Но Дахар уже уходила, растворяясь в серых волнах жаркого седого тумана.
Когда Хрийз в очередной раз вынырнула из болезненного забытья, то сразу поняла — жар спал окончательно и больше уже не вернется. Слабость распластала тело под одеялом, в ушах позванивало и веки тяжело было поднимать, неяркий свет дежурного ночника на столике, за которым устроилась верная Лилар, раздражал. Но болезни уже не было, Хрийз чувствовала. Она снова начала дремать, и ей снилось, что так же вот лежит на постели и не может встать, а где-то в темноте кто-то ходит. Ходит и ходит, бродит вокруг, присматривается, и неплохо бы швырнуть в него ножом, но ножа под рукой нет. Ничего нет, защититься невозможно, а шаги все ближе, ближе, и вот уже проступает сквозь стены фигура в куртке с капюшоном. Откидывает капюшон на плечи, Хрийз видит лицо… так могла бы выглядеть сама Смерть, если бы пожелала принять человеческий облик… но лицо странным образом знакомое, очень знакомое, не один раз виденное… но кто это, невозможно узнать по-прежнему. И оно приближается, приближается, приближа…
Кошмар вышел отменным, Хрийз вскинулась с криком. Лилар тут же оказалась рядом, помогла сесть, подоткнула под спину подушки. Взяла со столика горячую кружку, от которой знакомо пахло счейгом, медом и незнакомыми целебными травами. Хрийз послушно выпила лекарство, постукивая зубами о край кружки.
— Кошмар приснился, госпожа? — участливо спросила Лилар.
Хрийз мелко закивала, все еще находясь во власти пережитого ужаса.
— О чем?
А вот о чем уже забывалось, уходило в никуда.
— Куда ночь, туда и сон, госпожа, — рассудительно заметила Лилар, забирая у подопечной кружку.

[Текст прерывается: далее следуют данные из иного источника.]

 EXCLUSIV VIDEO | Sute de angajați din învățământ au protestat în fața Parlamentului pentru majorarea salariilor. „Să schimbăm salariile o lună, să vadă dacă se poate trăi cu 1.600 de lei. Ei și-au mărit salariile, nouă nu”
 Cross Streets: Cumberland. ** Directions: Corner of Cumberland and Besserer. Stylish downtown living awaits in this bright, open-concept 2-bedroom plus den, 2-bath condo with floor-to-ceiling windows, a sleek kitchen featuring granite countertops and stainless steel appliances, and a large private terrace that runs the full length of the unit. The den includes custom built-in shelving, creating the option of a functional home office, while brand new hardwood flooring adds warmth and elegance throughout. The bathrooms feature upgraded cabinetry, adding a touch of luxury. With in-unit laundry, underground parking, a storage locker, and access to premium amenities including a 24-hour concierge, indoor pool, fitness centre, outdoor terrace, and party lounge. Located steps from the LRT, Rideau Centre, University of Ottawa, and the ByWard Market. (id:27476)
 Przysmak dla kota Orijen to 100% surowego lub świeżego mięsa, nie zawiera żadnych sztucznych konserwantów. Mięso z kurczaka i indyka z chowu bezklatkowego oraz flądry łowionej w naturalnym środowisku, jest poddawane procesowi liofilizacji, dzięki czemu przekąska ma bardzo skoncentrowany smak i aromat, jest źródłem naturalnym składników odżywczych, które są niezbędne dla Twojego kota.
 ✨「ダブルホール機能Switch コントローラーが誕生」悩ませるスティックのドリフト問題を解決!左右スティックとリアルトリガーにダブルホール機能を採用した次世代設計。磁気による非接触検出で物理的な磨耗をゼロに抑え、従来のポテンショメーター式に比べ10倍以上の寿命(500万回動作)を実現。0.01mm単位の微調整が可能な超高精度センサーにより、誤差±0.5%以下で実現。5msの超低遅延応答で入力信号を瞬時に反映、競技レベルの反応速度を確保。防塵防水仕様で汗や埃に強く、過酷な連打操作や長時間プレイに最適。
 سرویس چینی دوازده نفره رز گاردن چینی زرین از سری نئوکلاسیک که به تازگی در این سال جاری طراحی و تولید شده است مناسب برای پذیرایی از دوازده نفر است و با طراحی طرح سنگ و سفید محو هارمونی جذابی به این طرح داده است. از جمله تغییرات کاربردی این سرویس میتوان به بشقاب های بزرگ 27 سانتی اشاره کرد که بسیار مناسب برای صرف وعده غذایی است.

В окне разливалась зеленовато-золотая дневная заря. Она не могла перебить светильники, приглушенные наполовину, не хватало сил. Но безумно радовало само знание о том, что солнце — есть, пусть тусклое и над самым горизонтом, но оно есть, не делось никуда, не пропало бесследно. Хрийз вздохнула с облегчением и снова задремала.

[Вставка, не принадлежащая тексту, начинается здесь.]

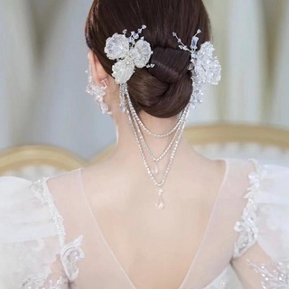 Cài tóc cô dâu đôi pha lê dây tua rua đá Giangpkc 2022 SP2221621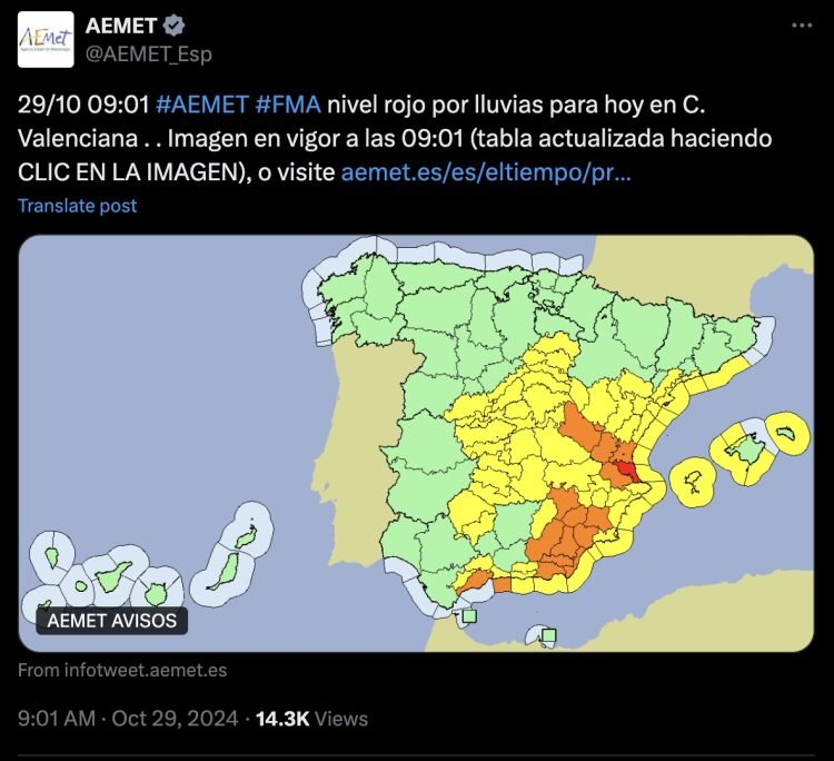 The University told everyone to not bother coming into work on Tuesday morning. They knew what could happen as the Spanish National Weather Service (AEMET) had put out a red alert (This tweet is taken from 9am on Tuesday).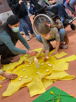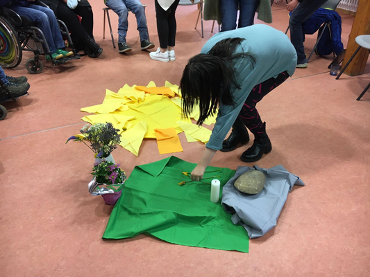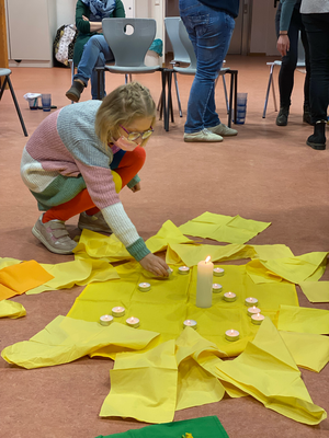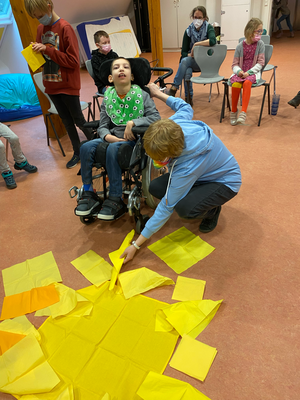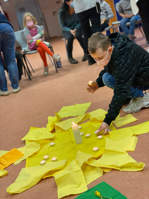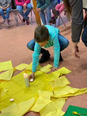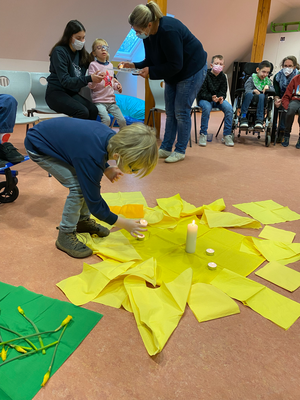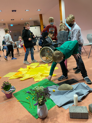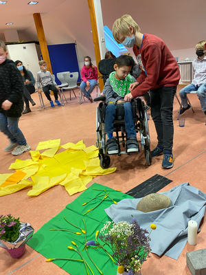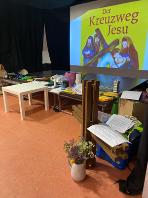 Am 01. April haben wir für unsere Schülerinnen und Schüler mit intensivem Förderbedarf einen Kreuzweg im Söllertheater angeboten. Im Rahmen einer Mehrsinngeschichte hatten die Schülerinnen und Schüler die Möglichkeit, die letzten Tage von Jesus anhand kleiner Mitmachstationen zu erleben. So haben wir zusammen mit den Schülerinnen und Schülern das letzte Abendmahl gefeiert oder uns über seine Auferstehung gefreut und Kerzen entzündet.

Вскоре ей разрешили вставать и гулять, недалеко, впрочем, от комнаты, по внутренней галерее с высокими окнами справа и слева. Хрийз любила смотреть на уходящие вниз, к городу, скалы, на стеклянно блестевшее под негреющим солнцем замерзшее море. Солнечный диск уже отрывался от горизонта полностью и световой день увеличился сильно. Но морозы не думали слабеть. Свирепень, самый тяжелый и холодный месяц года. Как февраль на далекой, оставшейся в прошлом, Земле. Хрийз даже в мыслях уже не называла Геленджик, город ее детства, домом.
Ее дом, дом стихийного мага-хранителя, был теперь здесь, в Третьем мире. И думала она о такой внутренней своей перемене без удивления и гнева, как раньше. Хрийз помнила детство, грустила о нем, любила бабушку, оказавшуюся на поверку мамой, но о том, чтобы вернуться обратно, уже не думала вовсе. Ее дом — здесь, в мире магии и зеленого солнца, здесь она — проводник стихии Жизни, и еще немножечко дочь своего отца, а что на Земле? В Геленджике? Сочтут сумасшедшей, в лучшем случае. О худших не хотелось даже думать. Она благодарна была прежнему миру за свое безоблачное детство, но понимала, что возврата нет.